● **MATERIALS PROVIDED**:

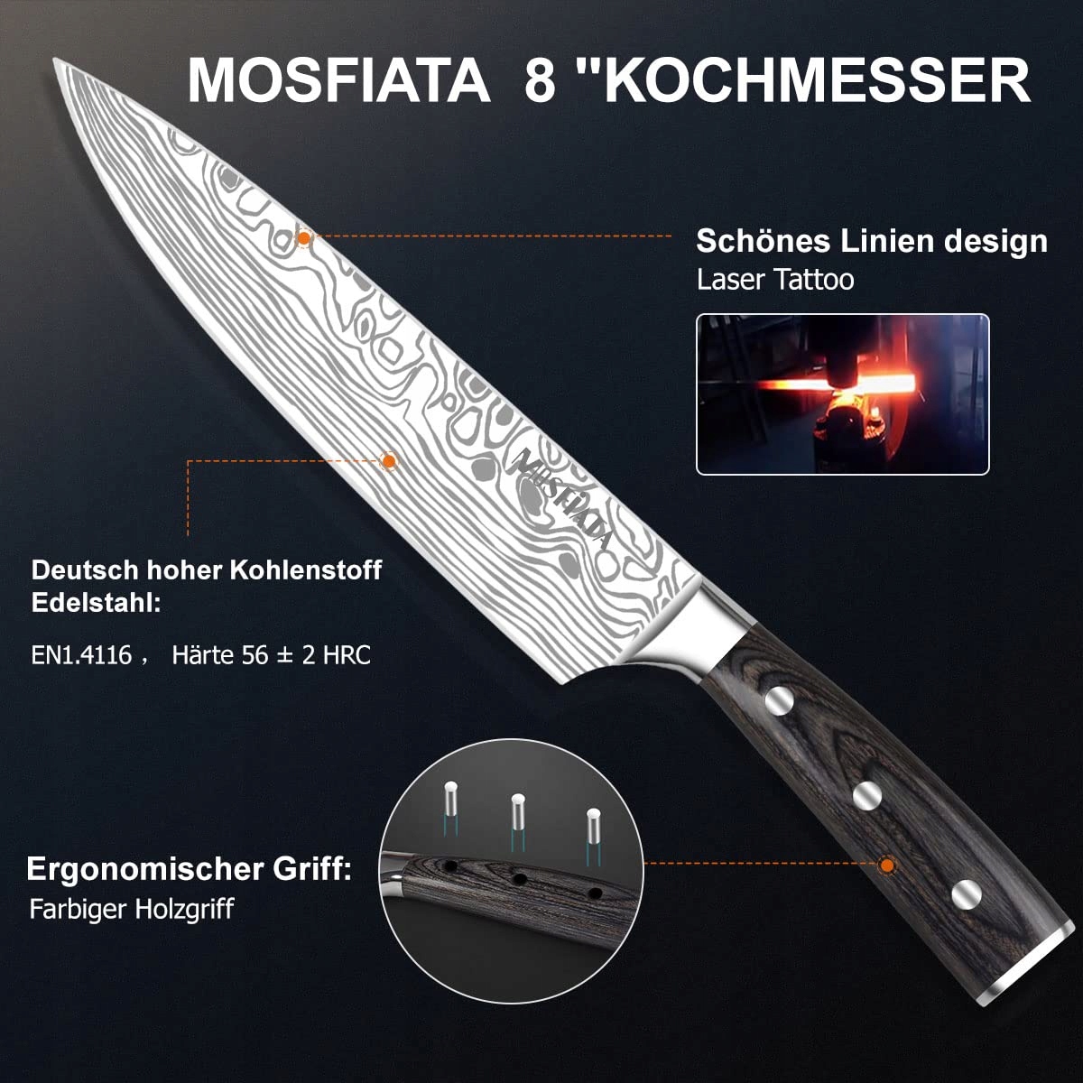 MOSFIATA Zestaw Noży Kuchennych Węglowa Stal Nierdzewna Ochrona Palców
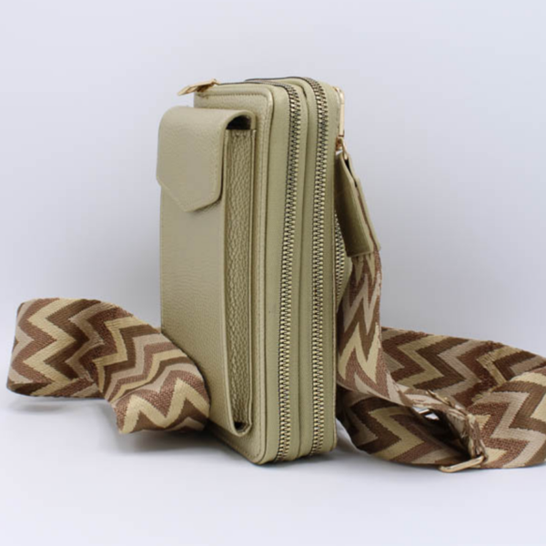 Dit model heeft 3 aparte vakken, 1 voor een telefoon; afsluitbaar door middel van een drukker. En 2 aparte vakken voor pasjes en geld, deze zijn afzonderlijk afsluitbaar door middel van een rits.
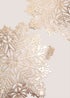 Add a touch of seasonal sparkle to your table with this 2 Pack of Gold Snowflake Celestial Placemats. Featuring a delicate snowflake cut-out design in a shimmering gold finish, these placemats bring instant festive charm to your dining setup, perfect for Christmas dinners, winter gatherings, or holiday decorating.
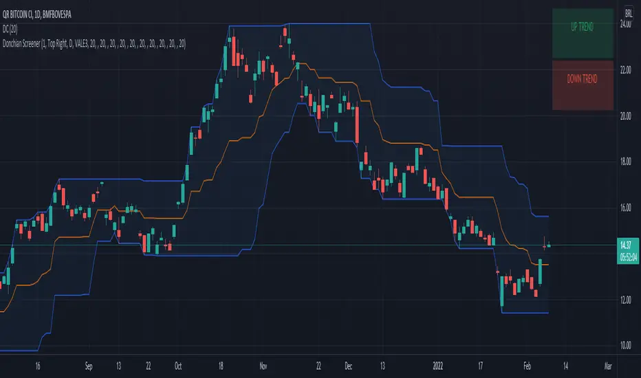 This is a screener script for the Donchian Channel indicator. It's an excellent indicator for trend following, a trading strategy which tries to take advantage of long, medium or short-term moves that seem to play out in various markets.
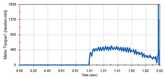 Once the initial design phase is concluded, a motion analysis is conducted to assess the ability of the design to achieve the desired range of motion and to identify any necessary modifications. Additionally, a motion analysis is employed to calculate the torque that is necessary to accomplish the intended motion. Given the constraints of simulating real-world conditions, the motion study simulation is performed using available aluminum contact settings. The torque required to rotate the mechanism and execute the desired action is depicted in the chart presented in Figure 13.
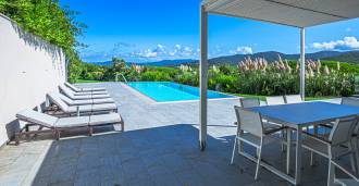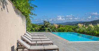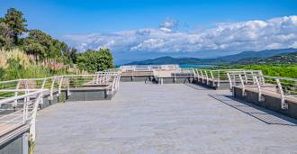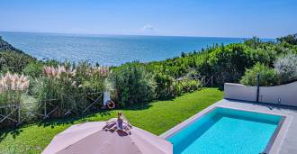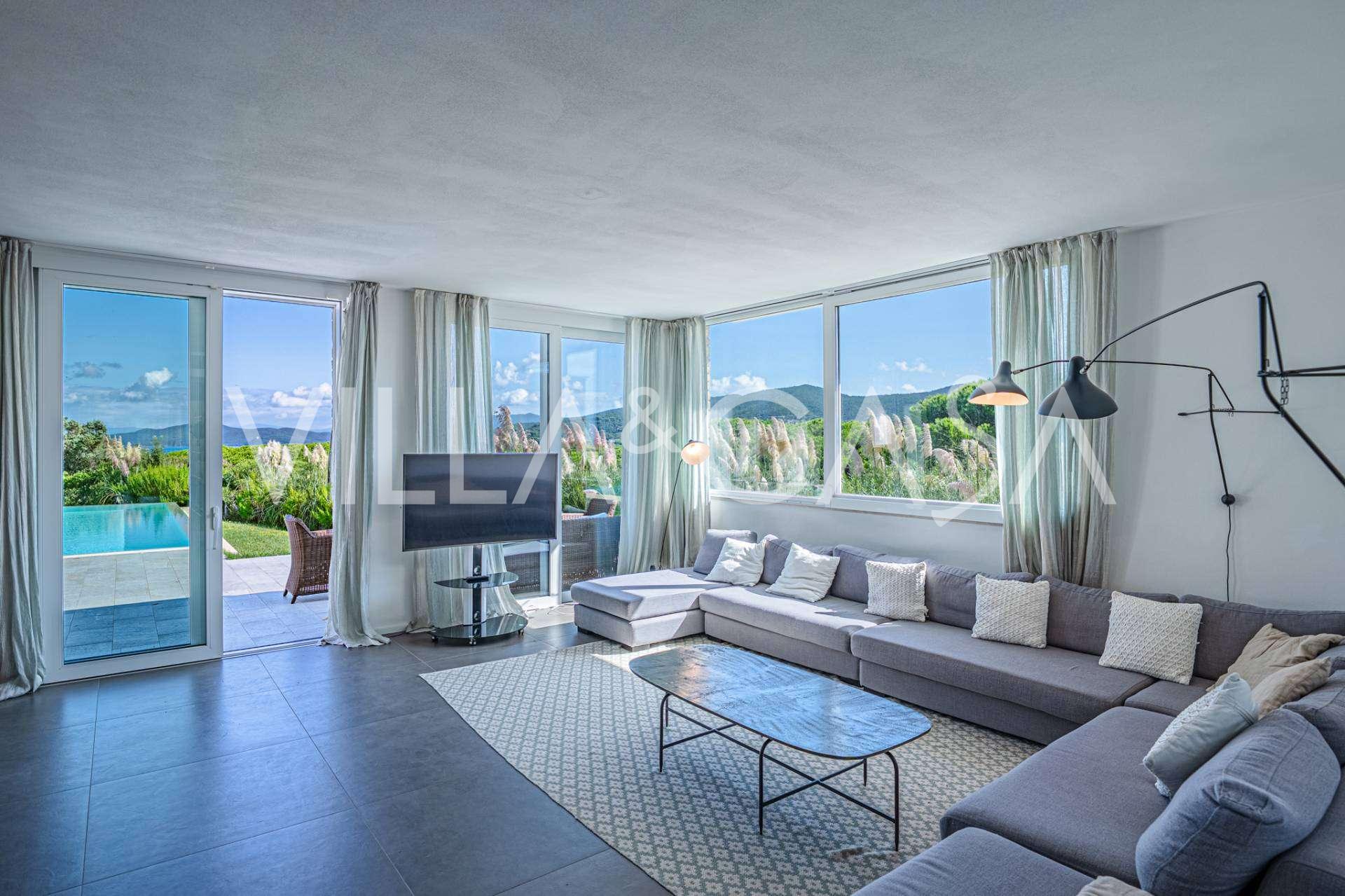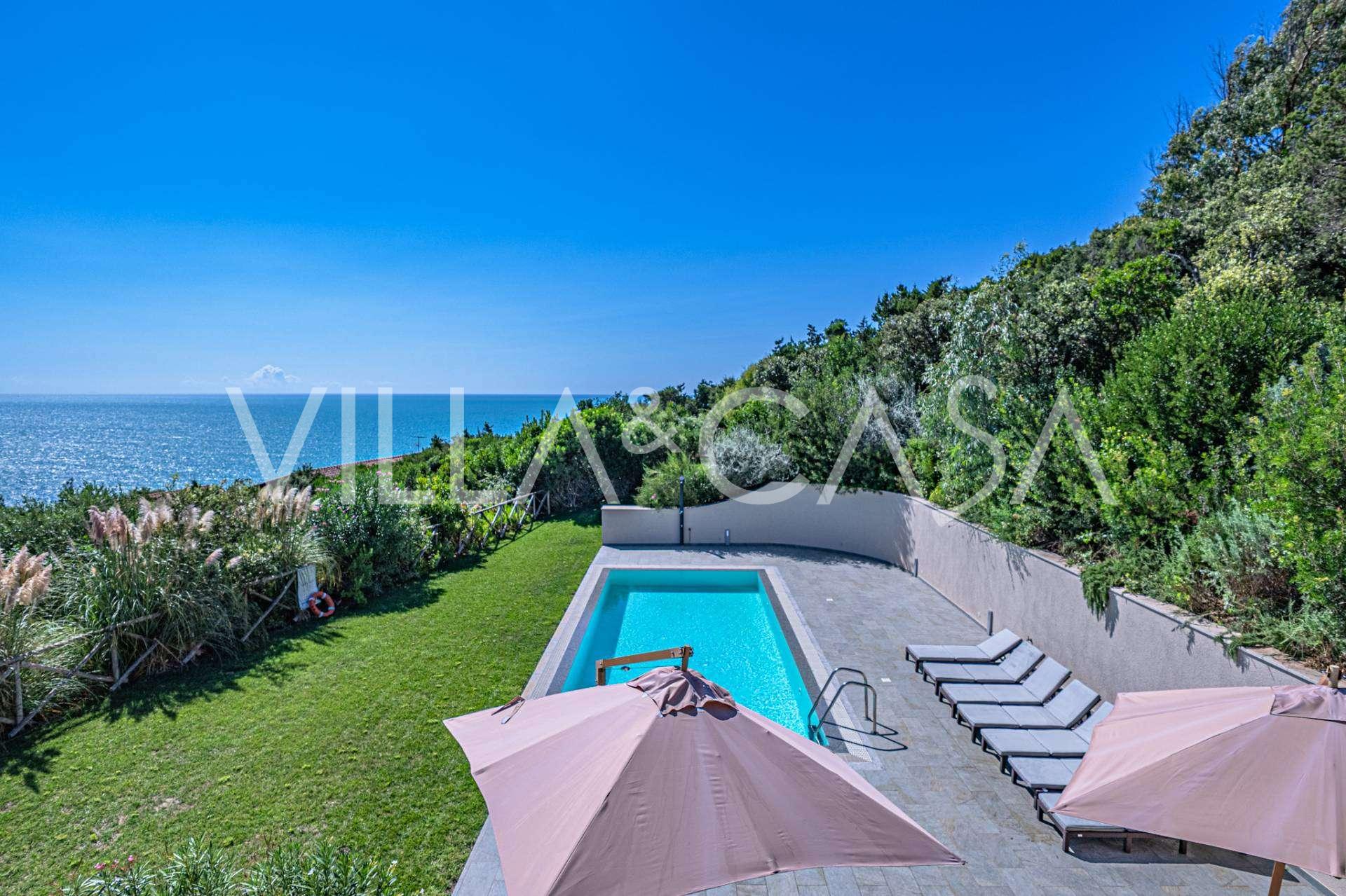 泳池周围是日光浴区,配有躺椅和设计师家具,是开放空间的中心:这是一个理想的休憩之地,可欣赏海湾的壮丽景色。

● **HOW TO COMPLETE THIS TASK**: Pictures in the entries are to be skipped, and everything else repeated word for word.

● **RESULT OF THIS EXERCISE**:
 MOSFIATA Zestaw Noży Kuchennych Węglowa Stal Nierdzewna Ochrona Palców
 Dit model heeft 3 aparte vakken, 1 voor een telefoon; afsluitbaar door middel van een drukker. En 2 aparte vakken voor pasjes en geld, deze zijn afzonderlijk afsluitbaar door middel van een rits.
 Add a touch of seasonal sparkle to your table with this 2 Pack of Gold Snowflake Celestial Placemats. Featuring a delicate snowflake cut-out design in a shimmering gold finish, these placemats bring instant festive charm to your dining setup, perfect for Christmas dinners, winter gatherings, or holiday decorating.
 This is a screener script for the Donchian Channel indicator. It's an excellent indicator for trend following, a trading strategy which tries to take advantage of long, medium or short-term moves that seem to play out in various markets.
 Once the initial design phase is concluded, a motion analysis is conducted to assess the ability of the design to achieve the desired range of motion and to identify any necessary modifications. Additionally, a motion analysis is employed to calculate the torque that is necessary to accomplish the intended motion. Given the constraints of simulating real-world conditions, the motion study simulation is performed using available aluminum contact settings. The torque required to rotate the mechanism and execute the desired action is depicted in the chart presented in Figure 13.
 泳池周围是日光浴区,配有躺椅和设计师家具,是开放空间的中心:这是一个理想的休憩之地,可欣赏海湾的壮丽景色。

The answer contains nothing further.